■ **ASSIGNED TASK**
Copy the lines below exactly, starting at the one with "Moje kolczyki są" and ending at the one with "de la conferencia", and leave out any picture.

Data items:
■ ■ ■

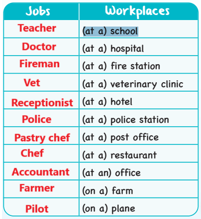Çeviri: Resimlere bakın. Mesleklerini ve işyerlerini yazın.
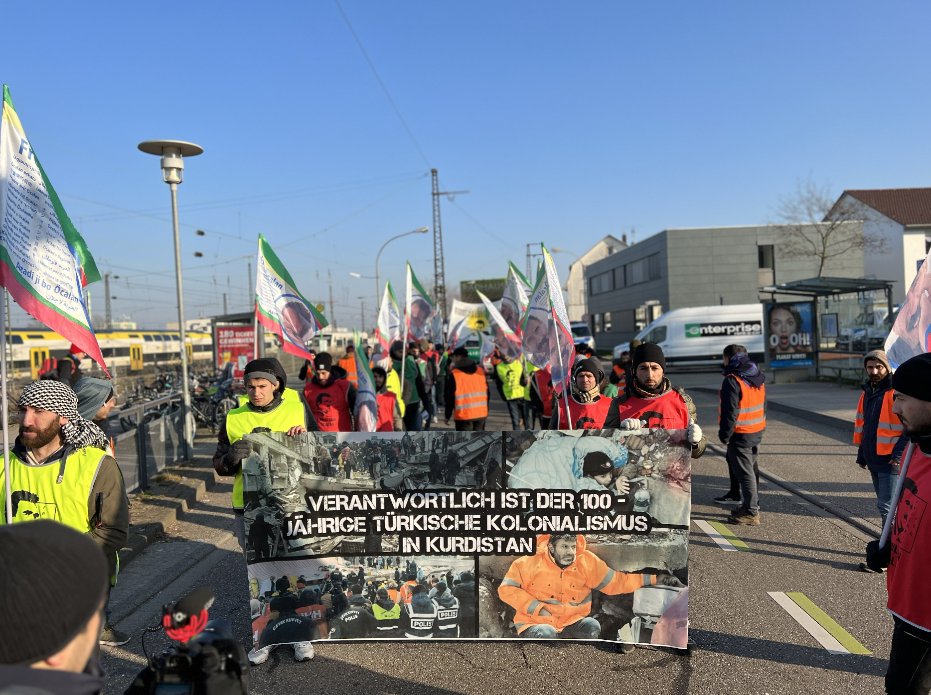 Önder APO’nun fiziki özgürlüğü için her yıl yürüyen gençler Kürdistan’da yaşanan depreme dikkat çekmek amaçlı “Faşist Türk devletinin Kürdistan’daki 100 yıllık sömürgeci politikası sorumludur” yazılı döviz açtılar. Gençler yaşanan depremden önce alınmayan önlemler için faşist Türk devletinin suçlu olduğunu ve depremin yaşandıktan sonra gerekilen yardımın gitmemesine öfkelerini dile getirdiler. Yürüyüş esnasında etraftaki ilgili halka çağrı yapan gençler aynı zamanda Önder APO’nun durumuna ilişkin bildiri dağıttılar.
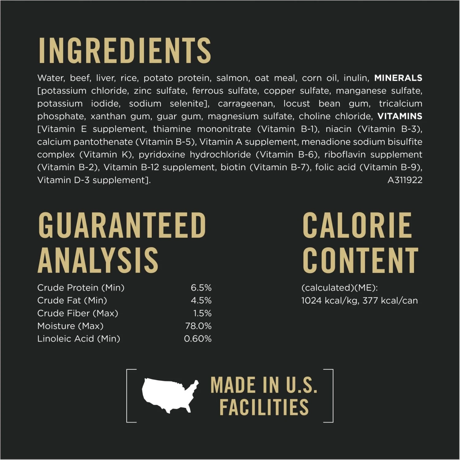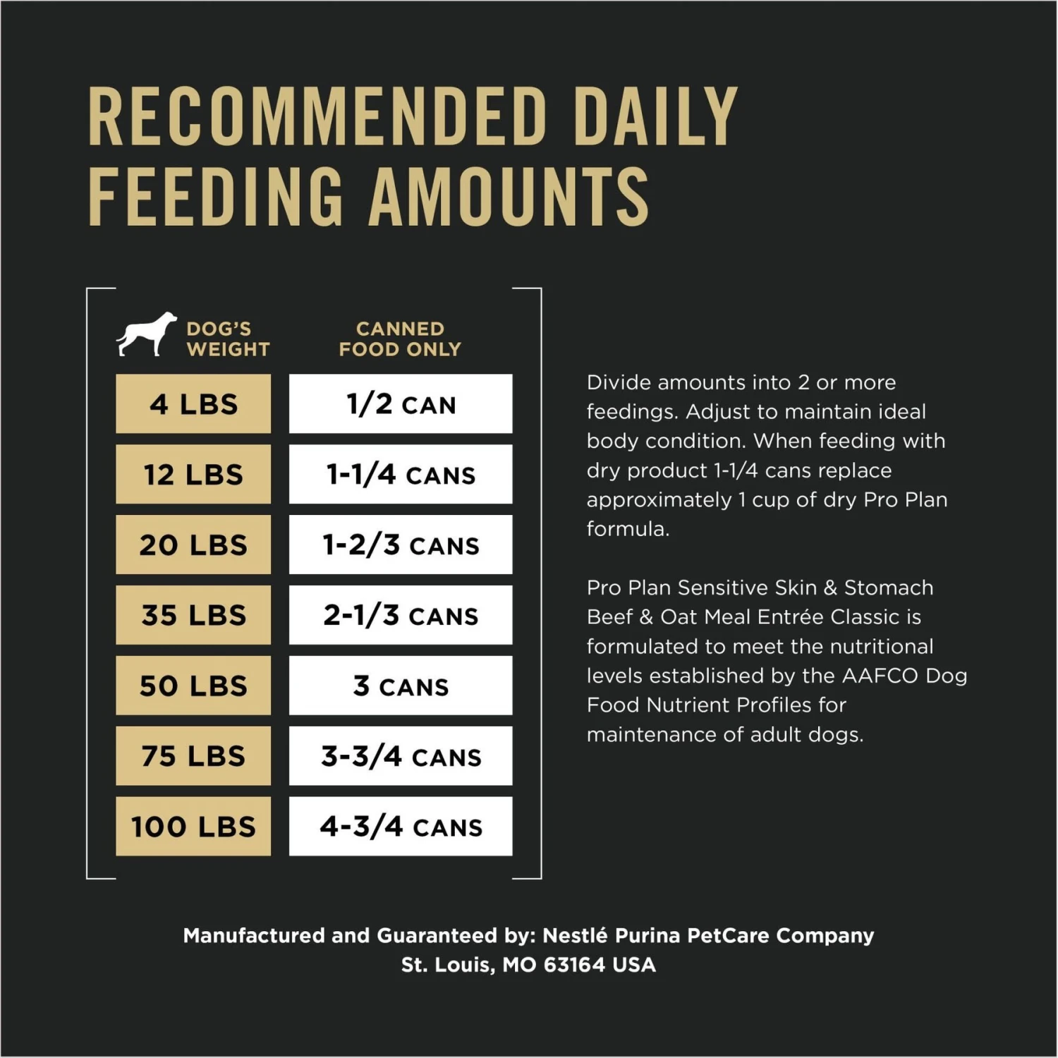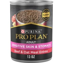 Improve your canine companion’s skin and coat health with Purina Pro Plan Adult Sensitive Skin & Stomach Beef & Oat Meal Entree Wet Dog Food. This nutrient-rich, high protein dog food provides 100% complete and balanced nutrition for your adult dog. It includes real beef, easily digestible oat meal and natural prebiotic fiber for pups with sensitive stomachs. Plus, it has linoleic acid to nourish your pal’s skin and coat health and 23 essential vitamins and minerals to support his overall health. This wet dog food is made with no artificial colors, flavors or preservatives—only the good stuff your pup needs to look and feel his best.
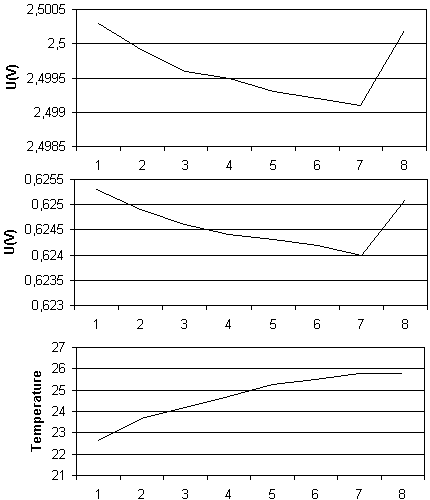 в точке 2,5В, изменение напряжения в точке 0,625В и изменение температуры.
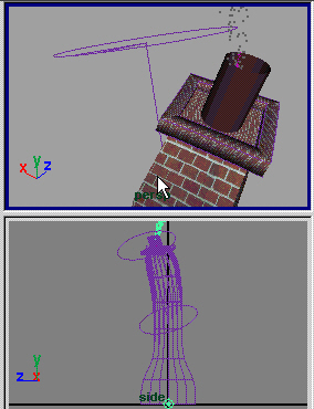 файл или файл chl3tut02start.mb. Смоделируем дым, идущий из трубы дома, и назначим
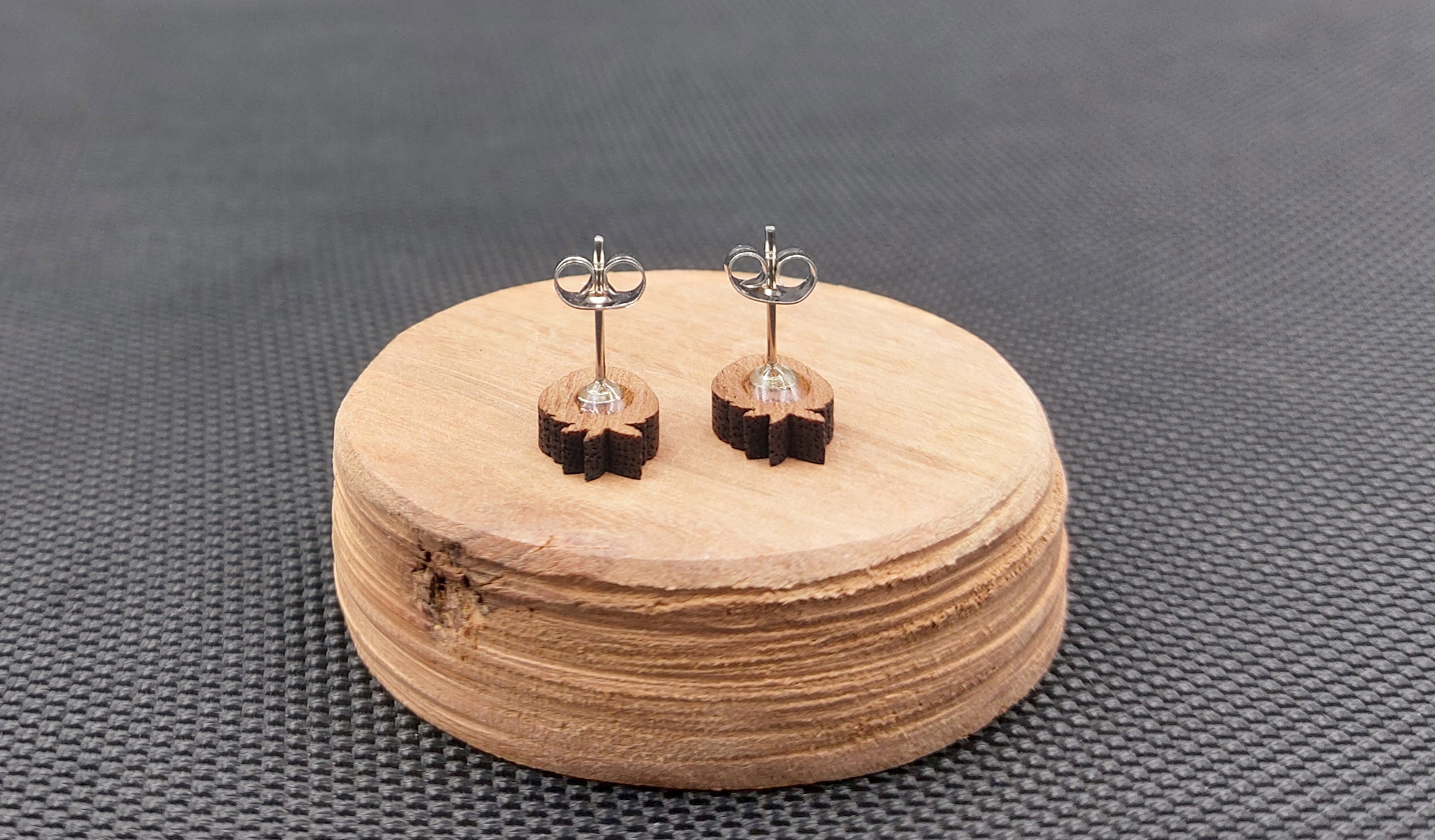 Moje kolczyki są wykonane z drewna egzotycznego, wycinane laserowo.
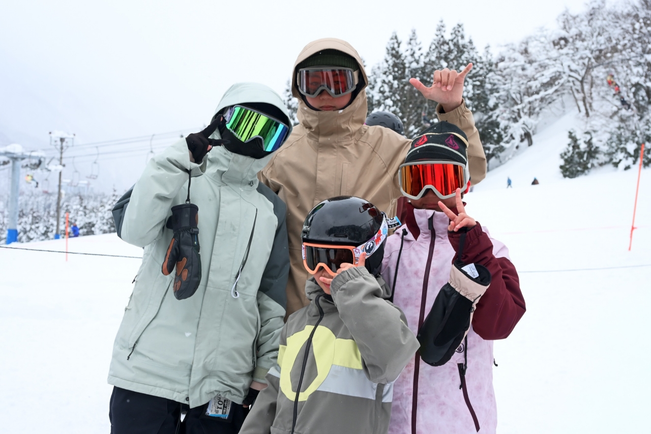 高1から小4までの4兄弟で参加し、父親もエントリーしているという生粋のスノーボード一家、荒井さん。待機列でひときわ楽しそうにコースを眺めていたキッズたちがいたので声をかけると。
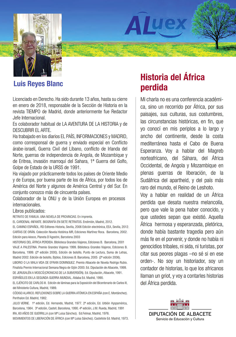 “HISTORIA DEL AFRICA PERDIDA”. D. Luis Reyes Blanc Periodista y Escritor. Hoja informativa de la conferencia
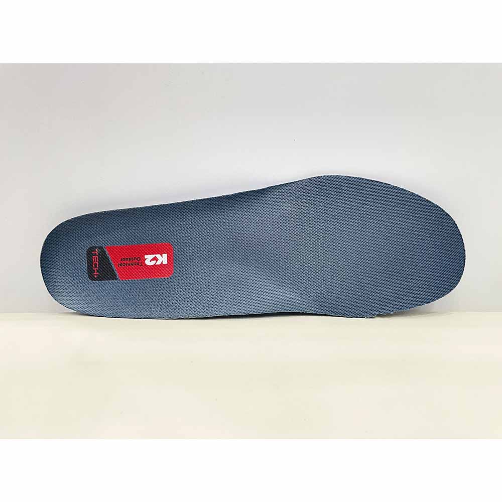 Lót sử dụng chất liệu EVA foam cao cấp – một loại vật liệu đàn hồi tốt, nhẹ và có khả năng giảm chấn hiệu quả. Với độ dày tiêu chuẩn 3mm không làm tăng size giày. Lót giày K2 Tech+ giúp cân bằng áp lực, hỗ trợ nâng đỡ vòm chân, giảm mỏi khi đi lại lâu dài. Bề mặt lót có kết cấu vải dệt chống trượt, giúp giữ ổn định bên trong giày.
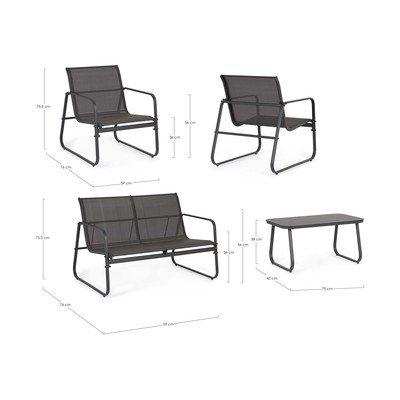 Bizzotto sodo poilsio baldų komplektas Gonzalo. Rinkinį sudaro du krėslai, dvietė sofa ir kavos staliukas, kurie sukuria idealią erdvę keturiems atsipalaiduoti.
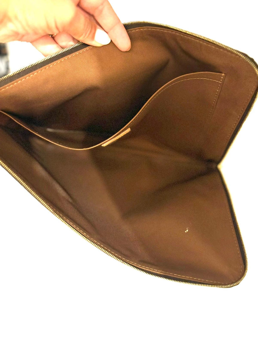 Descrizione: Pochette louis vuitton in tela monogram con finiture in pelle vacchetta, piatta e con chiusura zip nella parte superiore e laterale con tasca interna. Puo’ contenere Tablet o Pc da 13/15 pollici

■ ■ ■

■ **REPLY**
 Moje kolczyki są wykonane z drewna egzotycznego, wycinane laserowo.
 高1から小4までの4兄弟で参加し、父親もエントリーしているという生粋のスノーボード一家、荒井さん。待機列でひときわ楽しそうにコースを眺めていたキッズたちがいたので声をかけると。
 “HISTORIA DEL AFRICA PERDIDA”. D. Luis Reyes Blanc Periodista y Escritor. Hoja informativa de la conferencia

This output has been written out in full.